Одним словом, это была эпоха, которую можно было охарактеризовать одной фразой: “а потом пришел Фосс и всё съел”…

Но я отвлекся.

Итак: “Грузди, мы ребята дружны, пойдем на войну!”.

В отличие от других артистов-бродяг того времени, Завадский был коренной житель нашего города, его достопримечательностью. Его часто можно было встретить на бульваре или в Александровском парке, даже иногда на нашей скромной Базарной улице. Он всегда поражал меня своим необыкновенным артистическим видом: крылатка, широкополая шляпа с загнутыми по-итальянски полями, из-под которых ниспадали на плечи космы серо-черных волос.

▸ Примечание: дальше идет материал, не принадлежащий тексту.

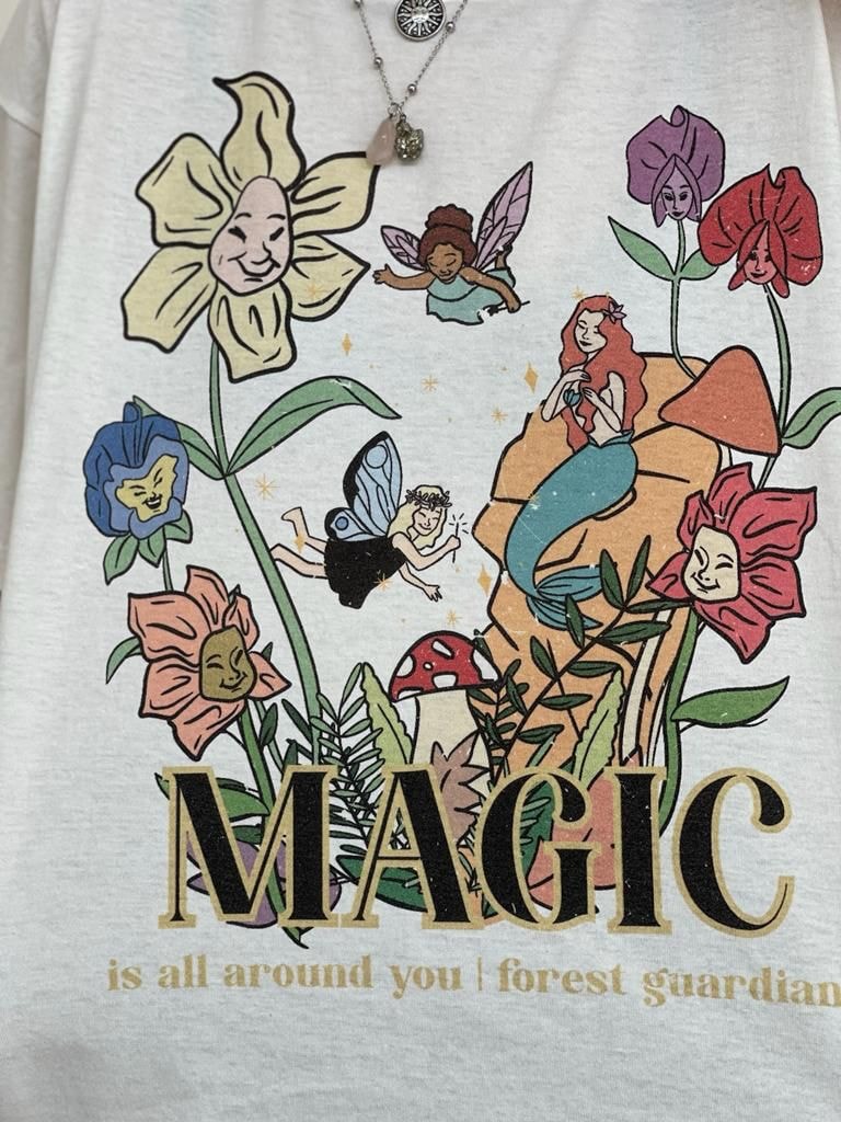 A camiseta Floresta Fest reúne seres encantados da natureza em uma festa mágica :)
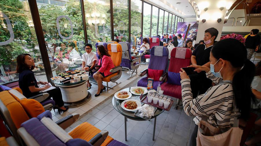 El restaurante, habilitado con auténticos sillones de vuelo y situado en las oficinas de Thai Airways, en el norte de la capital tailandesa, se llenó este viernes de clientes que accedieron por una escalerilla como si subieran a una aeronave.
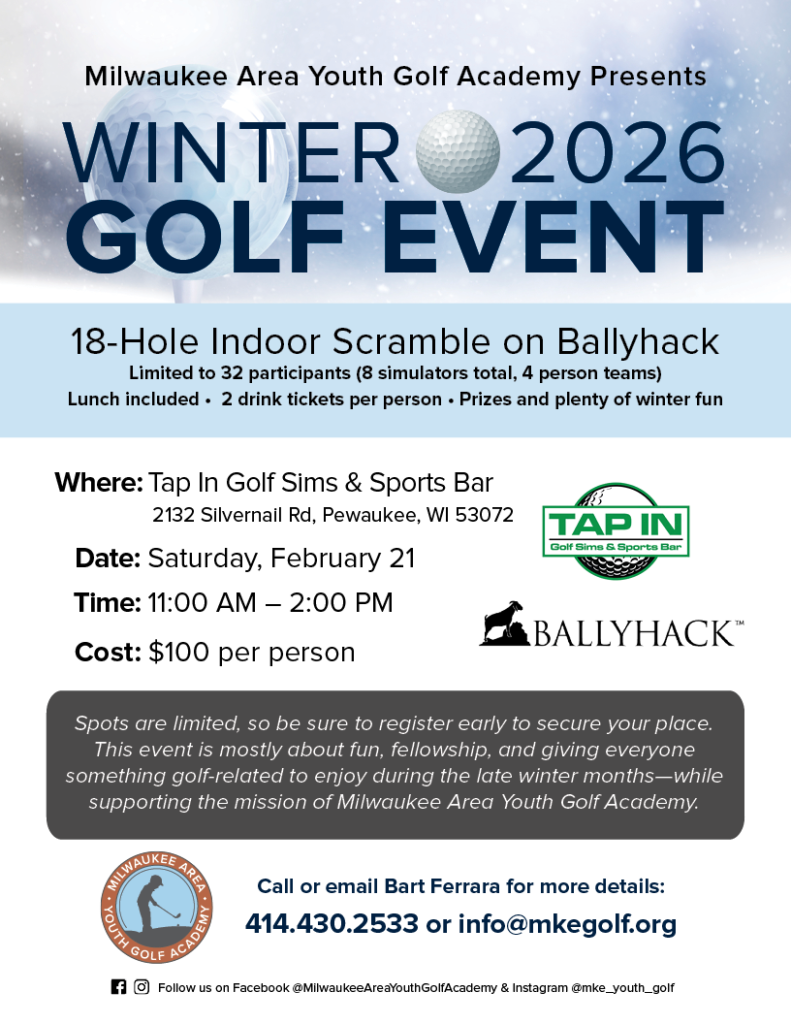 Register for the Milwaukee Area Youth Golf Academy Open! Questions? Contact us.
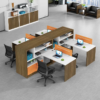- Vách Ngăn Nỉ Màu Cam: Vách ngăn nỉ/mica màu cam phân tách rõ ràng 4 khu vực làm việc, cung cấp sự riêng tư cần thiết, đồng thời là nơi để gắn các ghi chú cá nhân.
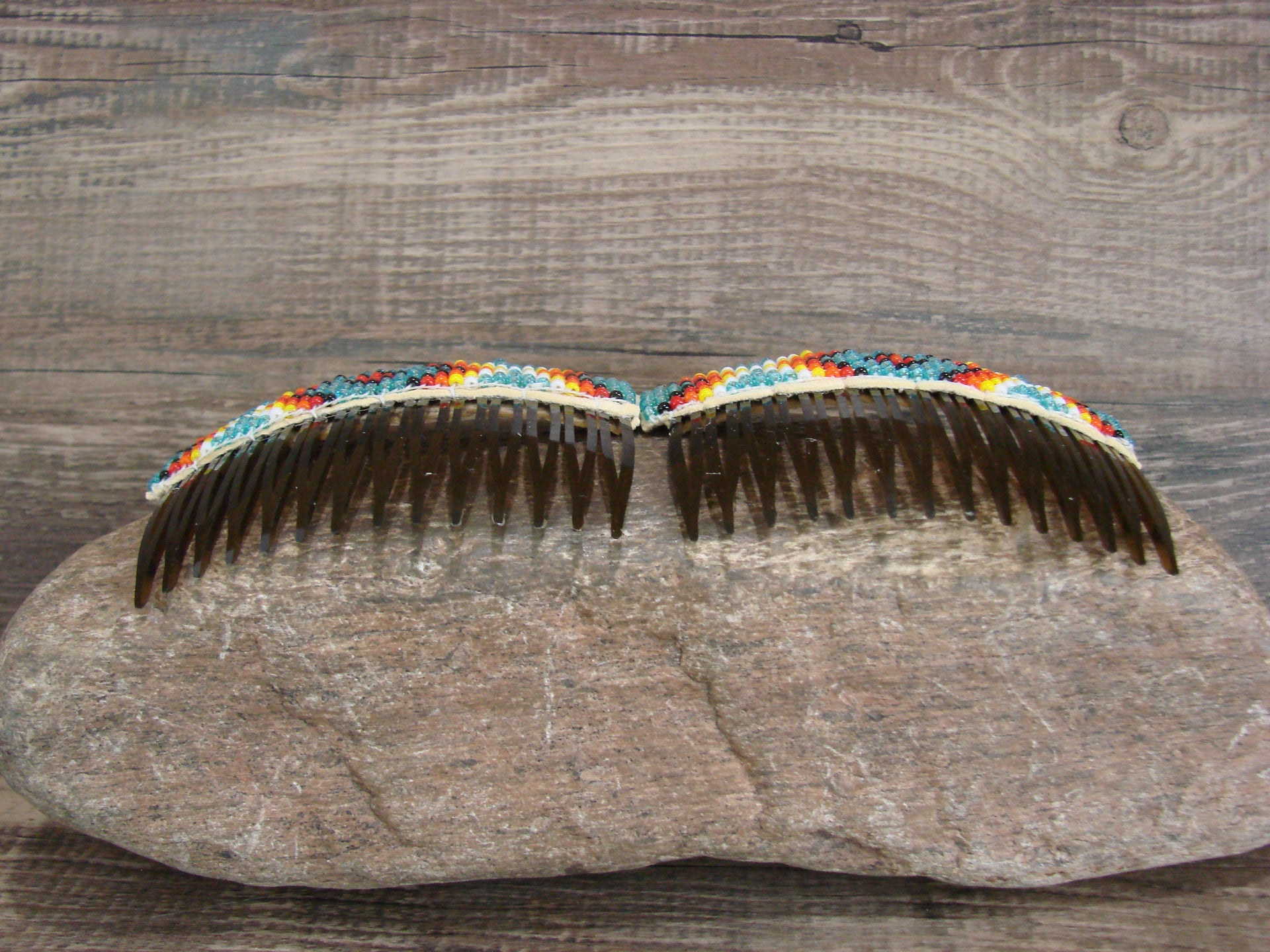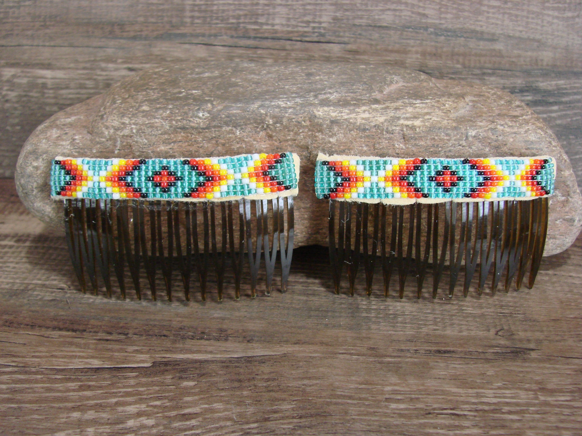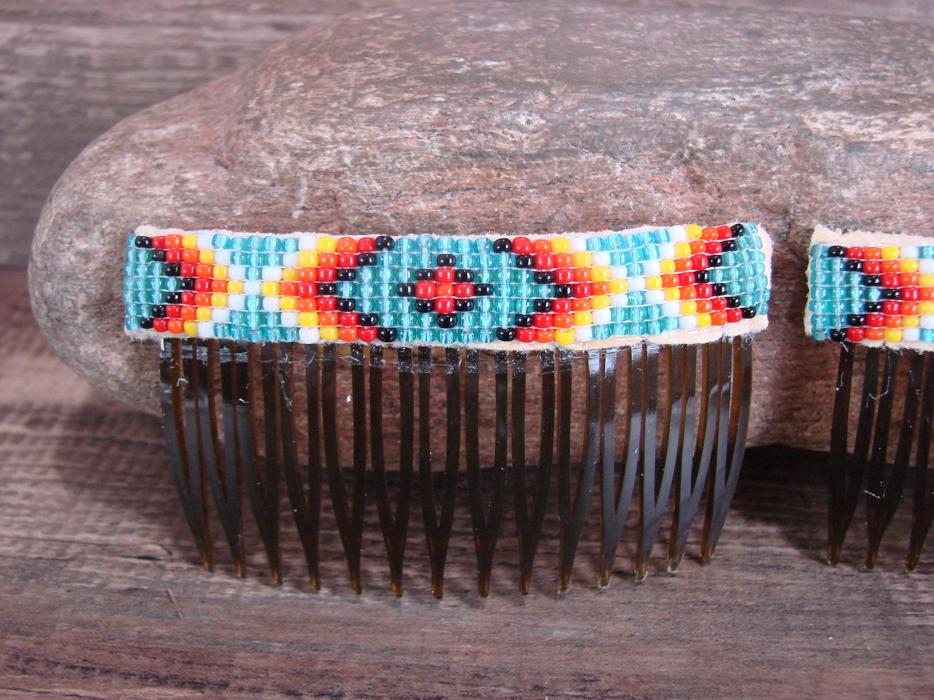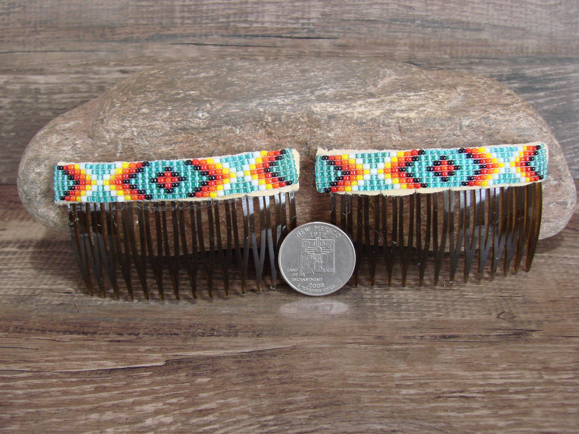 Navajo Indian Hand Beaded Hair Comb Set by Cleveland

Под его трагическими глазами и на иссиня-бритом лице лежали мрачные тени.

Некогда он играл в нашем драматическом Сибиряковском театре и считался замечательным артистом, одно время даже – говорит легенда – был кумиром публики.

Я был совсем крошечным ребенком, когда увидел его впервые в театре на детском утреннике, где он играл роль Кощея Бессмертного – страшно злого, нехорошего старика, который в последнем действии корчился перед добрым молодцем Иваном-царевичем, державшим в кулаке утиное яйцо, в котором заключалась жизнь Кощея Бессмертного: стоило разбить яйцо – и Кощей должен был тут же умереть; Иван-царевич всё сильнее и сильнее сжимал в своем богатырском кулаке яйцо, заставляя Кощея Бессмертного всё мучительнее и мучительнее корчиться, извиваться, хвататься костлявыми руками за ствол картонного дуба, пока наконец добрый молодец Иван-царевич, вдоволь натешившись над Кощеем и помучив публику, не разбивал вдребезги яйцо о дощатый пол сцены, и в тот же миг Кощей Бессмертный с воплем грохнулся на пол и испустил дух ко всеобщей радости детей, наполнявших театр, ну а Иван-царевич освободил красну девицу и женился на ней, вызвав бурные аплодисменты и крики радости.

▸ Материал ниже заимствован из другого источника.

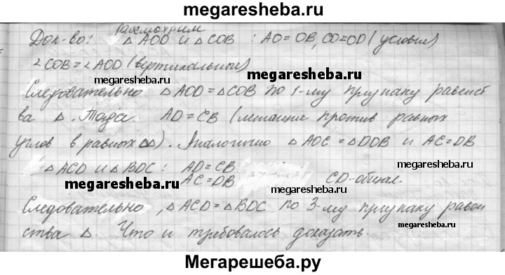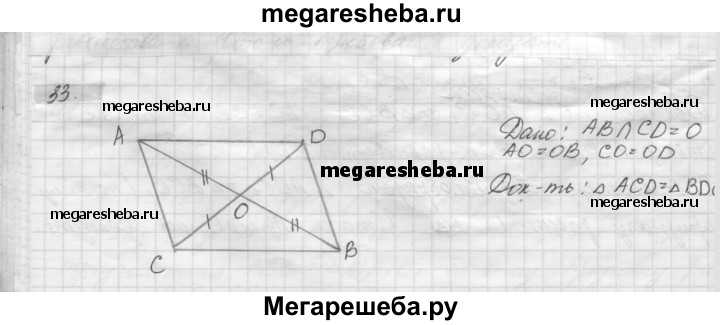 33. Два отрезка АВ и CD пересекаются в точке О, которая является серединой каждого из них. Докажите равенство треугольников ACD и В DC.
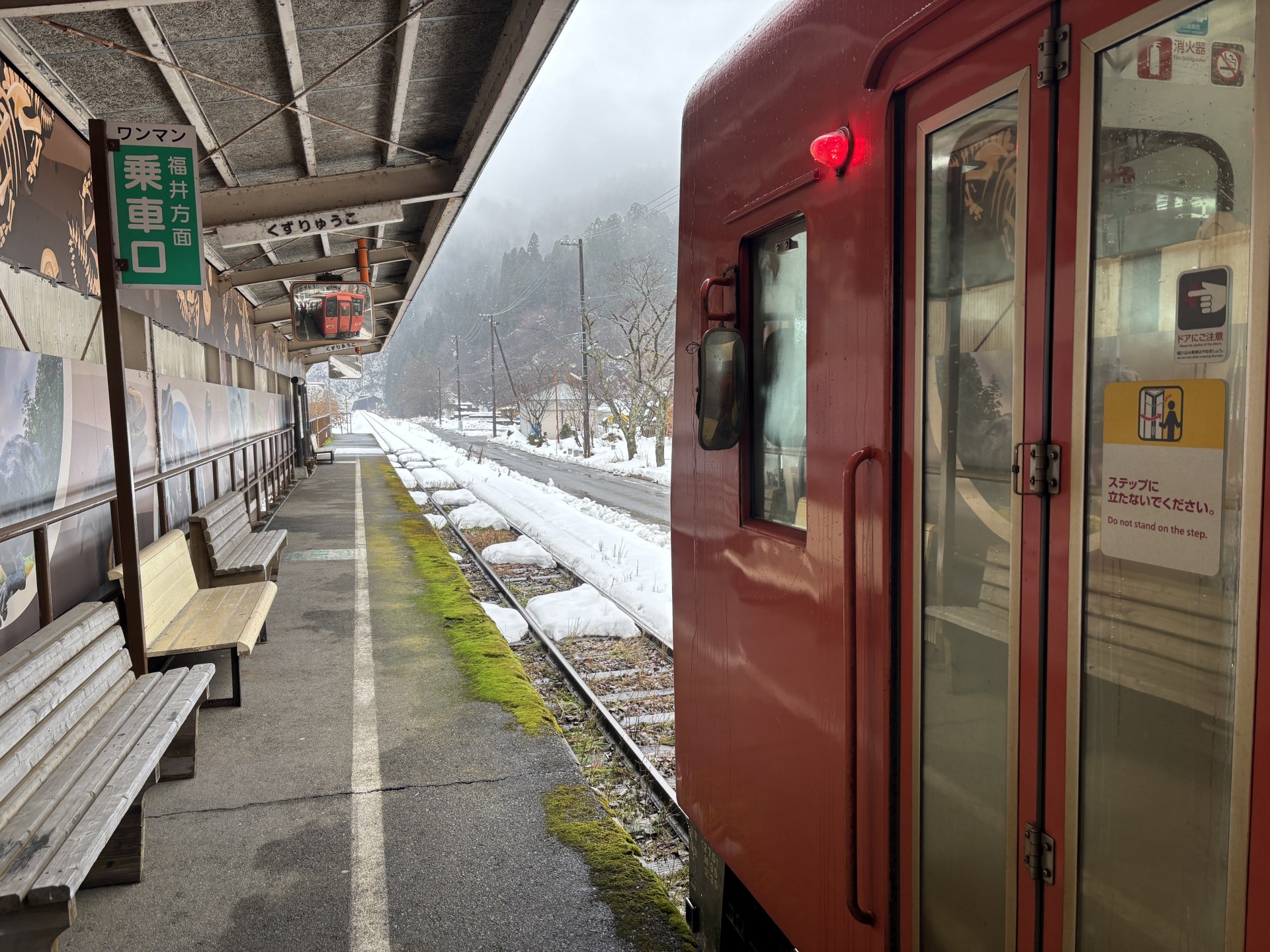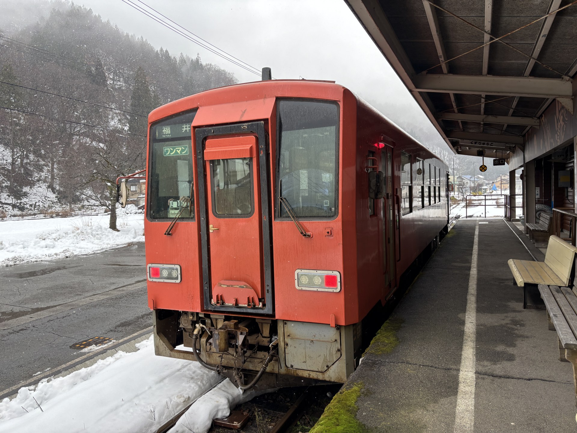 1両編成のワンマンカーに揺られ、1時間半ほどで終点・九頭竜湖に到着。

…Программа утреннего публичного спектакля нашего детского сада состояла из нескольких сценок, которые мы должны были разыграть на французском языке, а также большого феерического представления с музыкой и песнями под названием “Война грибов”…

Спектакль, которого я ожидал с таким нетерпением, от которого ожидал столько восторгов и славы, разочаровал меня до слез. Я представлял себе сверкающий зал вроде городского театра, залитую огнями сцену с красивыми декорациями, аплодисменты в мою честь и прочее.

Однако спектакль шел при дневном свете, сцена была грязноватая, какая-то неприбранная, с сором по углам, а за уныло повисшими кулисами время от времени шныряли крысы, потревоженные спектаклем. В зрительном зале, наполовину пустом, на простых венских стульях, поставленных рядами, сидели мамы, папы, дедушки, бабушки, гувернантки и прислуга, одетые по-домашнему, вполне затрапезно.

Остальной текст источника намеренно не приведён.